6. The method for detecting unauthorized external network connections according to claim 1, characterized in that, Before determining that the network topology sequence is abnormal based on the structural prediction error, the method further includes: Maintain an error buffer queue, which stores the structural prediction errors calculated at the most recent N historical moments, where N is a positive integer; Calculate the statistical distribution characteristics of the values ​​in the error buffer queue, and select a preset percentile value; The quantile value is set as the anomaly determination threshold for determining whether the network topology graph sequence is abnormal; If the structural prediction error is greater than the anomaly determination threshold, then an anomaly is determined to exist.

7. The method for detecting unauthorized external network connections according to claim 1, characterized in that, After identifying target nodes whose error improvement exceeds a preset threshold as high-risk nodes for unauthorized external connections, the process further includes: When there are multiple target nodes whose error improvement amount is greater than a preset threshold, all target nodes are sorted in descending order of error improvement amount; Select the target node that ranks in the top K positions of the sort as the priority object for processing, where K is a preset positive integer.

8. A network unauthorized external connection detection system, characterized in that, include: The temporal network topology construction module is used to construct a sequence of network topology diagrams in chronological order based on the communication data of the monitored objects within the network. The network topology sequence includes a first historical network topology sequence and the current network topology sequence; The inference module is used to process the first historical network topology graph sequence using the structural prediction model to generate the first predicted graph-level representation at the current moment; The structure prediction error calculation module is used to determine the structure prediction error, which characterizes the degree of deviation of the network structure evolution at the current moment, based on the actual graph-level representation of the current network topology and the first predicted graph-level representation. The reverse intervention positioning module is used to determine the target node related to the structural prediction error when the network topology sequence is determined to be abnormal based on the structural prediction error. The reverse intervention positioning module is also used to construct an intervention map about any of the target nodes, and to determine the post-intervention error based on the intervention map using the structural prediction model; An anomaly detection module is used to take the difference between the structural prediction error and the error after intervention as the error improvement amount of the target node, and to identify the target node whose error improvement amount is greater than a preset threshold as a high-risk node for illegal external connection.

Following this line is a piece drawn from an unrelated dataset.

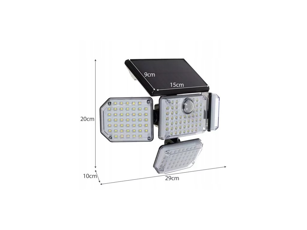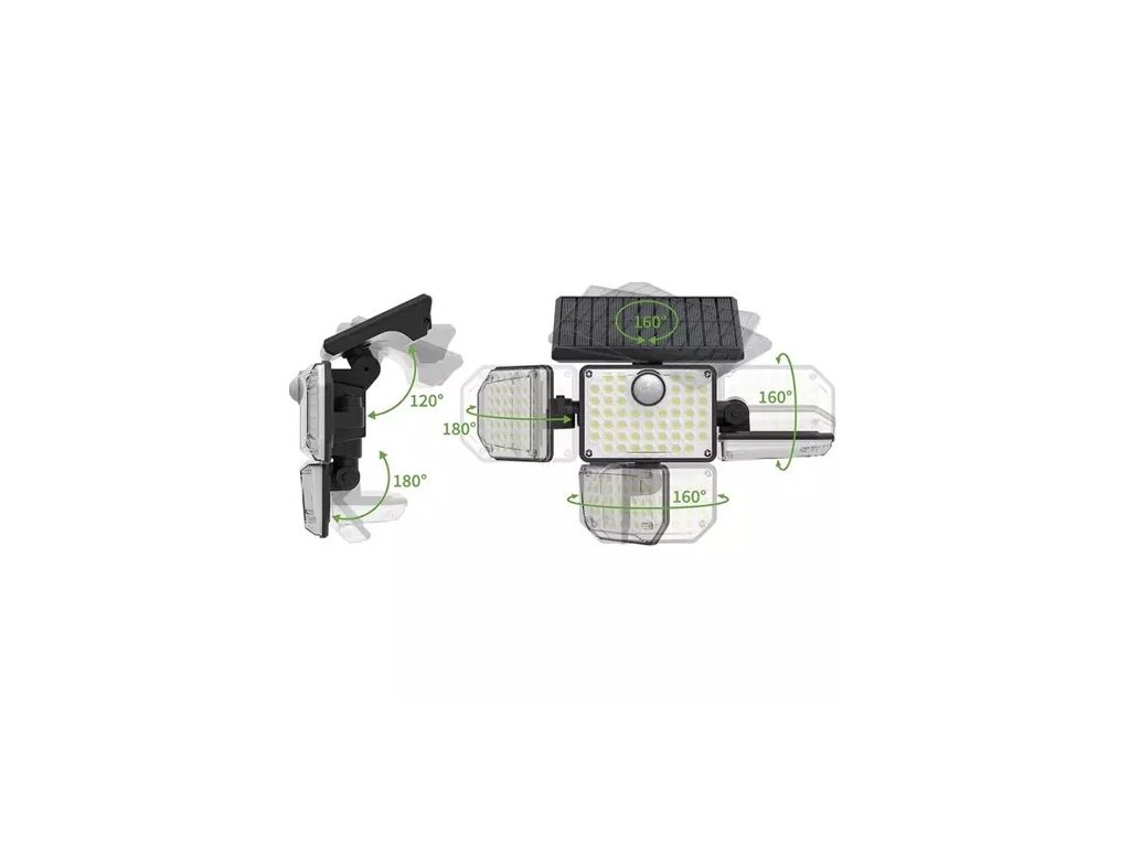 NASTAVENIE UHLA NÁKLONU + SENZOR POHYBU PÍR A SÚMRAK - 3 svietidlá a panel majú nastavenie uhlov náklonu: hore, dole, do strán. Reflektor má vstavaný pohybový a súmrakový senzor, vďaka ktorému v závislosti od režimu rozsvieti sa až po zotmení, kedy zaznamená pohyb v bezprostrednej blízkosti.

9. An electronic device comprising a memory, a processor, and a computer program stored in the memory and running on the processor, characterized in that, When the processor executes the computer program, it implements the network unauthorized external connection detection method as described in any one of claims 1 to 7.

10. A non-transitory computer-readable storage medium having a computer program stored thereon, characterized in that, When the computer program is executed by the processor, it implements the network unauthorized external connection detection method as described in any one of claims 1 to 7.